Attorney General Roy Cooper, Assistant Attorney General Sandra
Wallace-Smith, for the State.
David Childers, for defendant-appellant.
WYNN, Judge.
A defendant may be properly charged with arson when he burns
an outbuilding within the curtilage of an inhabited house.
(See footnote 1)
In
this case, Defendant argues that he was erroneously indicted for
arson under section 14-58 of the North Carolina General Statutes
when he should have been charged for burning an outbuilding under
section 14-62. Because the outbuilding burned was located within
the curtilage of the house, we hold that Defendant was properly
indicted and convicted for the first-degree arson. The facts pertinent to this case indicate that following an
altercation with his ex-girlfriend, Defendant Kasey Lee Nipper
drove to her home where she stayed with her parents, entered the
home's detached garage, waited in the garage for his ex-
girlfriend's return, slashed the tires on her father's truck with
a pocket knife, drank a beer found in the cooler beside the truck,
and smoked marijuana. Thereafter, Defendant noticed real thick
black-gray smoke roaring up from the left side of the freezer,
left the garage and returned to his own apartment. At the time of
the fire, Defendant's ex-girlfriend's father and her son were in
the house.
Defendant was arrested and charged with injury to personal
property, second-degree burglary, and first-degree arson. At
trial, he was convicted of injury to property, non-felonious
breaking or entering, and first-degree arson. Defendant was
sentenced for sixty days for injury to personal property, 120 days
for breaking and entering, and sixty-five to eighty-seven months
for first-degree arson.
___________________________
On appeal, Defendant argues that he was erroneously indicted
for arson under section 14-58 of the North Carolina General
Statutes when he should have been charged for burning an outhouse
under section 14-62.
Section 14-58 provides that [i]f the dwelling burned was
occupied at the time of the burning, the offense is arson in the
first degree and is punishable as a Class D felony. N.C. Gen.Stat. § 14-58 (2005). Moreover, while the statute states that
arson involves the burning of an occupied dwelling, our caselaw has
held that a defendant may also be charged with arson under section
14-58 for burning a building located within the curtilage of an
occupied dwelling. Teeter, 165 N.C. App. at 682, 599 S.E.2d at
436. Curtilage is defined as including 'at least the yard around
the dwelling house as well as the area occupied by barns, cribs,
and other outbuildings.' State v. Browning, 28 N.C. App. 376,
379, 221 S.E.2d 375, 377 (1976) (quoting State v. Frizzelle, 243
N.C. 49, 51, 89 S.E.2d 725, 726 (1955)).
The burning of buildings
located within the curtilage is included in the definition of arson
because the proximity of the buildings to the dwelling house
increases the risk of danger to any inhabitants of the house.
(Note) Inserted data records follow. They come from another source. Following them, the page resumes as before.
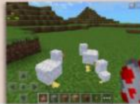
Minecraft chickens look like this.

This report is about minecraft chickens. This report includes information on how to kill, collect their eggs and much more information. This report is essential if you like chickens and Minecraft because I'm sure you would like to find a chicken of your very own in that case.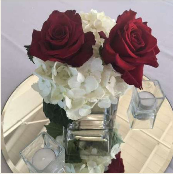
Floral Centerpieces with Seasonal Flower $15.00 and up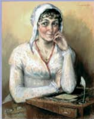
New portrait of Jane Austen

"Jane's history brought vividly to life."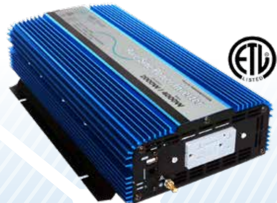
2000W Power Inverter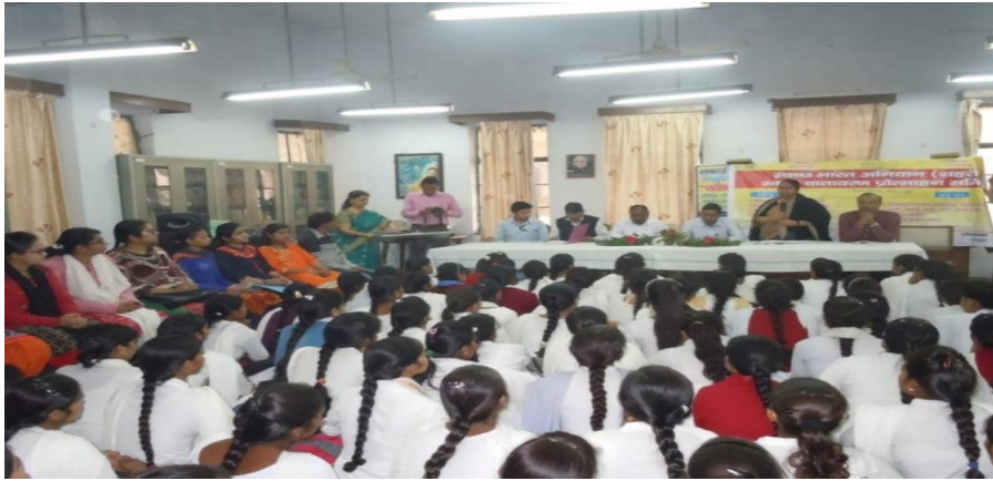
Nagarayukt lecture On 8 Nov 2017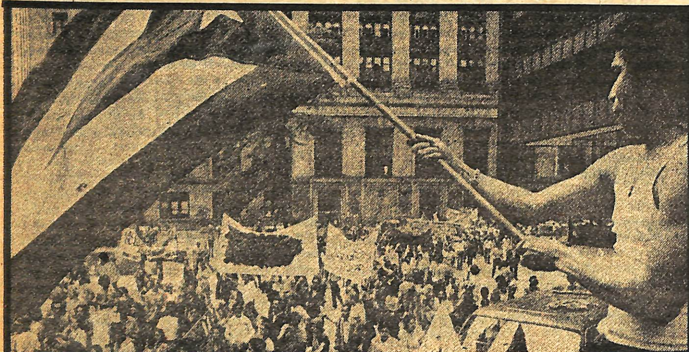
The fight against police repression in Humboldt Park - this Avakian called "embarrassing".

The Avakianites have chosen to trail, to gesticulate, to criticize, and most importantly to stand in the way of the struggle.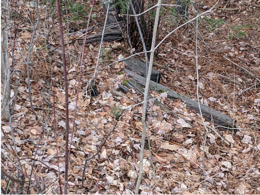
What appear to be railroad ties, dumped on the north slope of the Ammonoosuc Rail Trail between Industrial Park Road and the I-93 overpass.

'[T]he main purpose of common law arson [] is to protect against
danger to those persons who might be in the dwelling house[.]'
Teeter, 165 N.C. App. at 683, 599 S.E.2d at 437 (quoting State v.
Pigott, 331 N.C. 199, 207, 415 S.E.2d 555, 560 (1992)).
In Teeter, the defendant had been charged with arson in the
first degree for burning a garage located approximately ten to
fifteen yards from the home. Id. at 681, 599 S.E.2d at 435. At
the close of the State's evidence, the defendant moved for
dismissal on the grounds of a fatal variance between the evidence
indictment and the evidence offered at trial. Id. The defendant
argued that while there was evidence that he had burned the garage,
there had been no evidence introduced that he had burned a
dwelling, the requirement for arson. Id., 599 S.E.2d at 436. Thedefendant asserted that to get a conviction of arson, the State
would have to prove that he had burned a dwelling. Id. The trial
court granted the nonsuit motion and dismissed the arson charge.
Id.
On appeal, this Court began its analysis by noting that the
common law definition of arson is still in force in North
Carolina[.]' Id. at 682, 599 S.E.2d at 436 (quoting State v.
Jones, 110 N.C. App. 289, 291, 429 S.E.2d 410, 412 (1993)). The
Court then outlined the common law definition of arson: 'the
malicious and voluntary or willful burning of another's house. . .
or outhouse appurtenant to or a parcel of the dwelling house or
within the curtilage.' Id. (quoting 5 Am. Jur. 2d Arson and
Related Offenses .1 (2004)) (emphasis in original). Applying this
law to the facts, this Court determined that the original
indictment charging defendant with arson was sufficient to support
a conviction for burning the garage within the curtilage of the
house. Id. at 683, 599 S.E.2d at 437.
The present case is factually indistinguishable from Teeter.
Here, Defendant set fire to a garage located within the curtilage
of the dwelling, thirty feet from the house. See Browning, 28 N.C.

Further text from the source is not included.